Get evaluation metrics for a given JSON output file

python dpr_scale/eval_dpr.py --retrieval <PATH_TO_OUTPUT_JSON> --topk 1 5 10 20 50 100 

Get evaluation metrics for MSMARCO

python dpr_scale/msmarco_eval.py ~data/msmarco/qrels.dev.small.tsv PATH_TO_OUTPUT_JSON

Domain-matched Pre-training Tasks for Dense Retrieval

Paper: https://arxiv.org/abs/2107.13602

The sections below provide links to datasets and pretrained models, as well as, instructions to prepare datasets, pretrain and fine-tune them.

Q&A Datasets

PAQ

Download the dataset from here

Conversational Datasets

You can download the dataset from the respective tables.

Reddit

File Download Link
train download
dev download

ConvAI2

File Download Link
train download
dev download

DSTC7

File Download Link
train download
dev download
test download

Prepare by downloading the tar ball linked here, and using the command below.
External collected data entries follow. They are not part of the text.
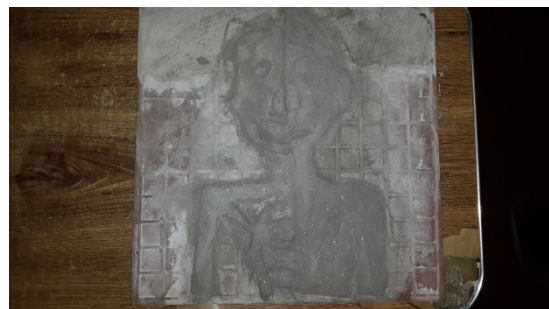
los derechos de la mujer. El bien y el mal.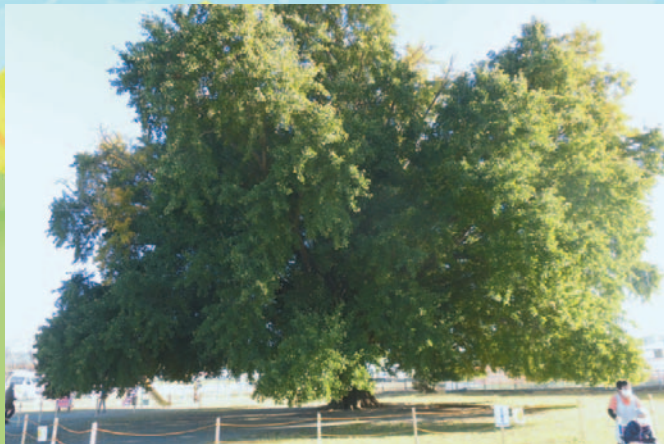
イチョウの大きさ分かるかな?!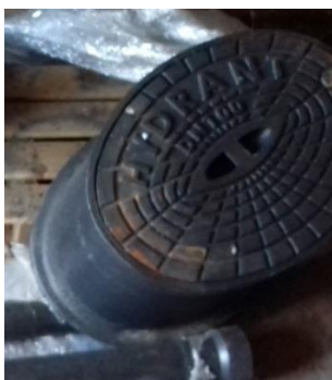
Poklop hydrantový výška 0,33 m – 1ks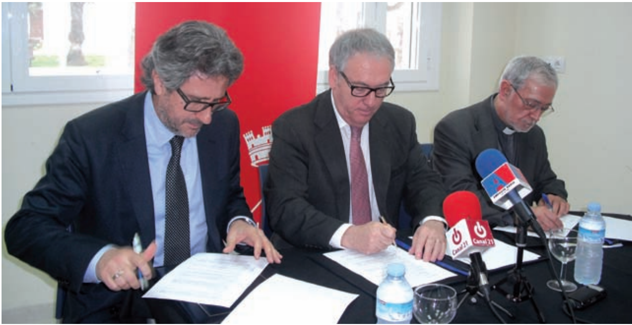
Formalitzat entre Ajuntament, Diputació i Bisbat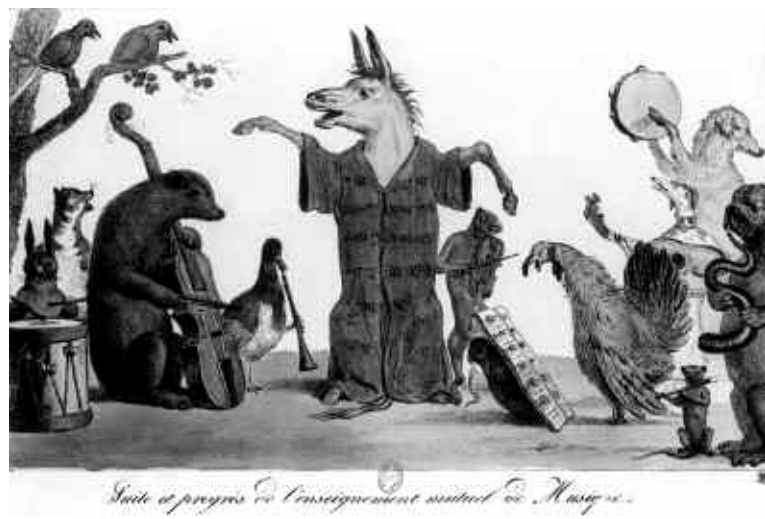
CM, Suite et progrès de l'enseignement mutuel de Musique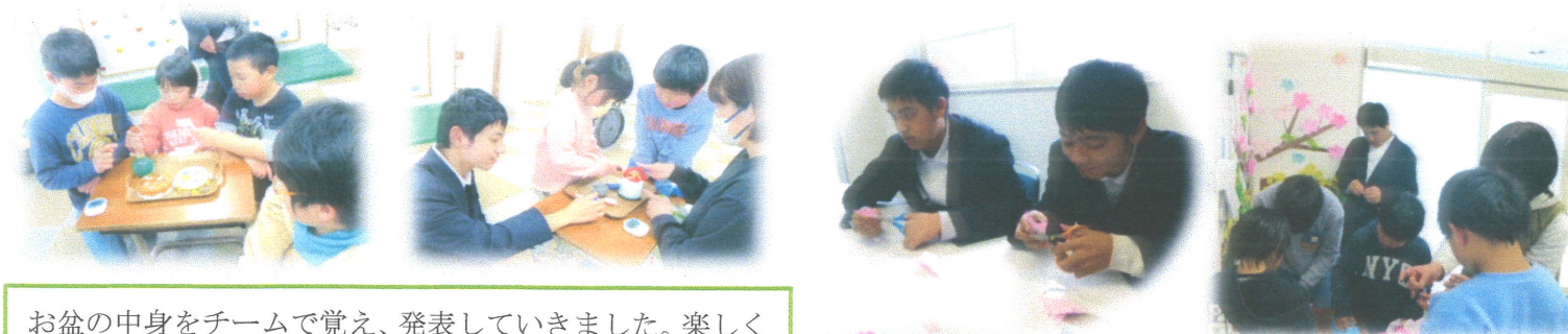
お盆の中身をチームで覚え、発表していきました。楽しくワーキングメモリーの向上、協力する力も高めています。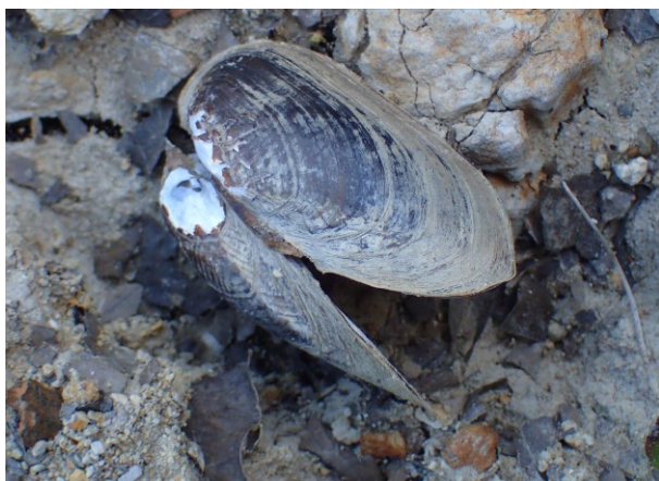
写真 5. 池底の合弁状態のイシガイ 水位低下により干出した池底で死んだと考えられる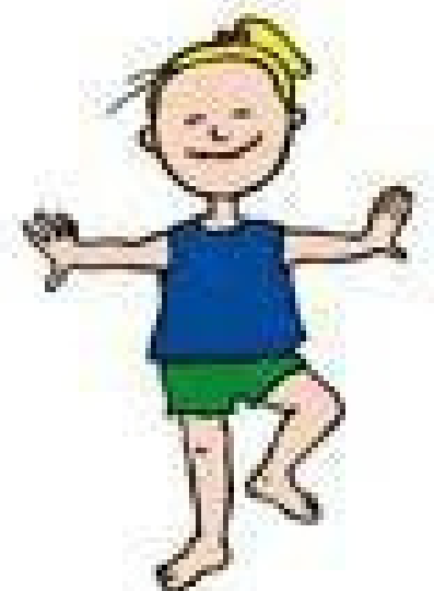
Bewegen op muziek

DSTC7_DATA_ROOT=<path_of_dir_where_the_data_is_extracted>
python dpr_scale/data_prep/prep_conv_datasets.py \
    --dataset dstc7 \
    --in_file_path $DSTC7_DATA_ROOT/ubuntu_train_subtask_1_augmented.json \
    --out_file_path $DSTC7_DATA_ROOT/ubuntu_train.jsonl

Ubuntu V2

File Download Link
train download
dev download
test download

Prepare by downloading the tar ball linked here, and using the command below.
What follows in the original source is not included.